● THE TASK
Output the lines from the one holding "卓越控油與抗暗配方,持久透亮不暗沉、零油光。" to the end of the entries that follow, exactly and only those, minus any pictures.

● ENTRIES PROVIDED
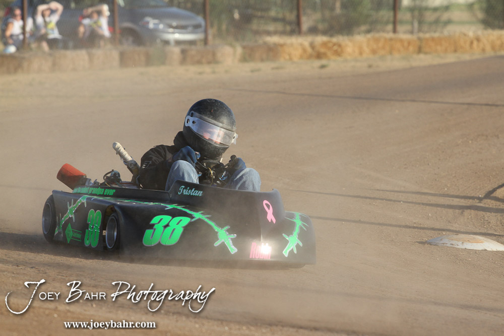 Tristan Slagle(#38) drives in Heat 2 of the Clones Class at the Ness County Speedway Kart Races sponsored by Walker Tank Service at Ness County Speedway in Ness City, Kansas on August 18, 2012. (Photo: Joey Bahr, www.joeybahr.com)
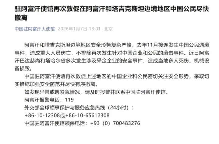 中国驻阿富汗使馆再次敦促上述地区的中国企业和公民密切关注安全形势,采取切实措施加强安全防范并尽快有序撤离。
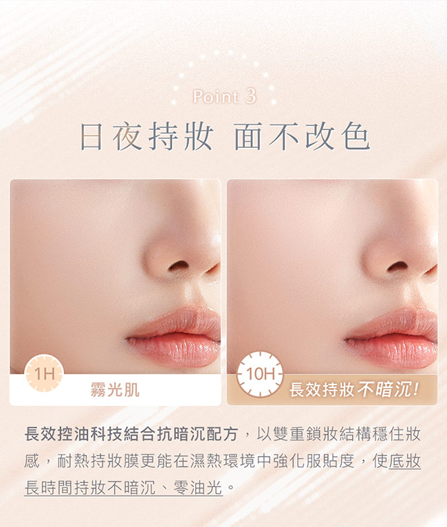 卓越控油與抗暗配方,持久透亮不暗沉、零油光。
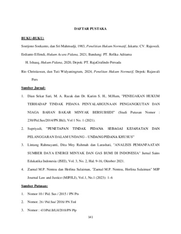 LUASE, Nehemia David (2025) DESKRIPSI TENTANG PENEGAKAN HUKUM TERHADAP TINDAK PIDANA PENGANGKUTAN BAHAN BAKAR MINYAK TANPA IZIN USAHA. Undergraduate thesis, Artha Wacana Christian University.
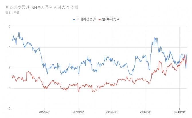 NH투자증권은 올해 1월만 해도 시총이 3조3600억원 수준이었다. 하지만 NH투자증권이 2주 먼저(7월25일) 상반기 실적 개선과 주주환원정책을 공개하면서 지난 1일 52주 신고가를 갱신해 시총 4조6405억원을 기록하며 미래에셋증권(4조5720억원)을 제치고 시총 1위에 등극한 바 있다.
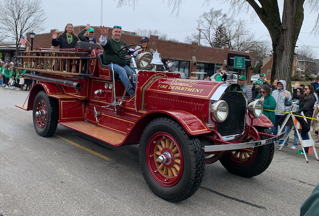 A decades-old Elmhurst fire truck makes its way through the St. Patrick's Day Parade. (David Giuliani/Patch)
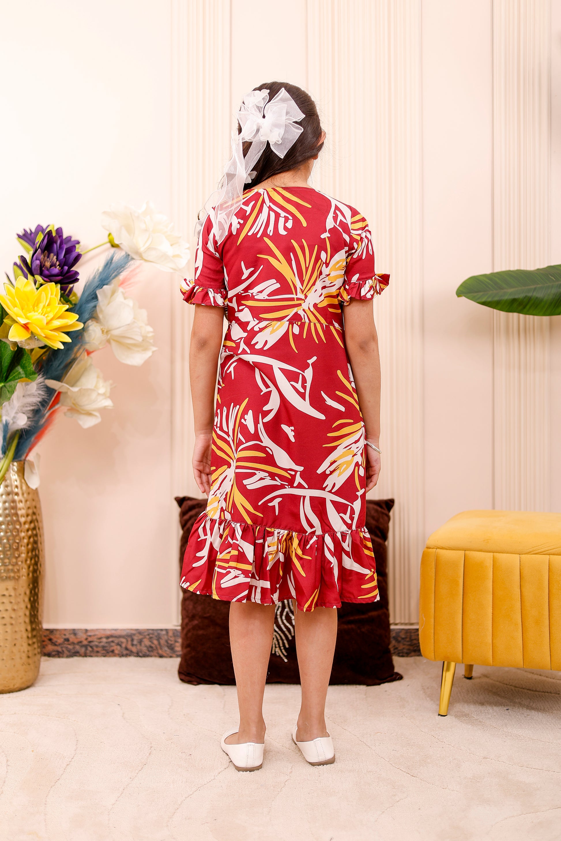 • Women & Girls: Knee-length abstract print dress with frill sleeves — flowy, comfortable, and perfect for mother-daughter matching.
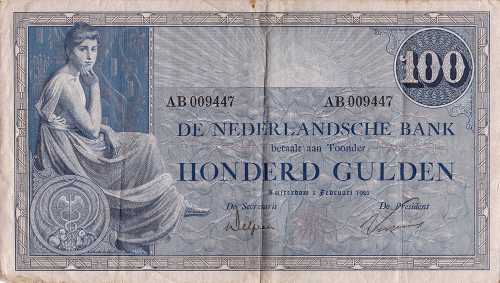 100 Gulden 1922 Grietje Seel. Mev. 116-1b; AV 80.1b.1; PL 96.b1 [# AB 009447]. Fraai.

● WRITTEN SOLUTION
 卓越控油與抗暗配方,持久透亮不暗沉、零油光。
 LUASE, Nehemia David (2025) DESKRIPSI TENTANG PENEGAKAN HUKUM TERHADAP TINDAK PIDANA PENGANGKUTAN BAHAN BAKAR MINYAK TANPA IZIN USAHA. Undergraduate thesis, Artha Wacana Christian University.
 NH투자증권은 올해 1월만 해도 시총이 3조3600억원 수준이었다. 하지만 NH투자증권이 2주 먼저(7월25일) 상반기 실적 개선과 주주환원정책을 공개하면서 지난 1일 52주 신고가를 갱신해 시총 4조6405억원을 기록하며 미래에셋증권(4조5720억원)을 제치고 시총 1위에 등극한 바 있다.
 A decades-old Elmhurst fire truck makes its way through the St. Patrick's Day Parade. (David Giuliani/Patch)
 • Women & Girls: Knee-length abstract print dress with frill sleeves — flowy, comfortable, and perfect for mother-daughter matching.
 100 Gulden 1922 Grietje Seel. Mev. 116-1b; AV 80.1b.1; PL 96.b1 [# AB 009447]. Fraai.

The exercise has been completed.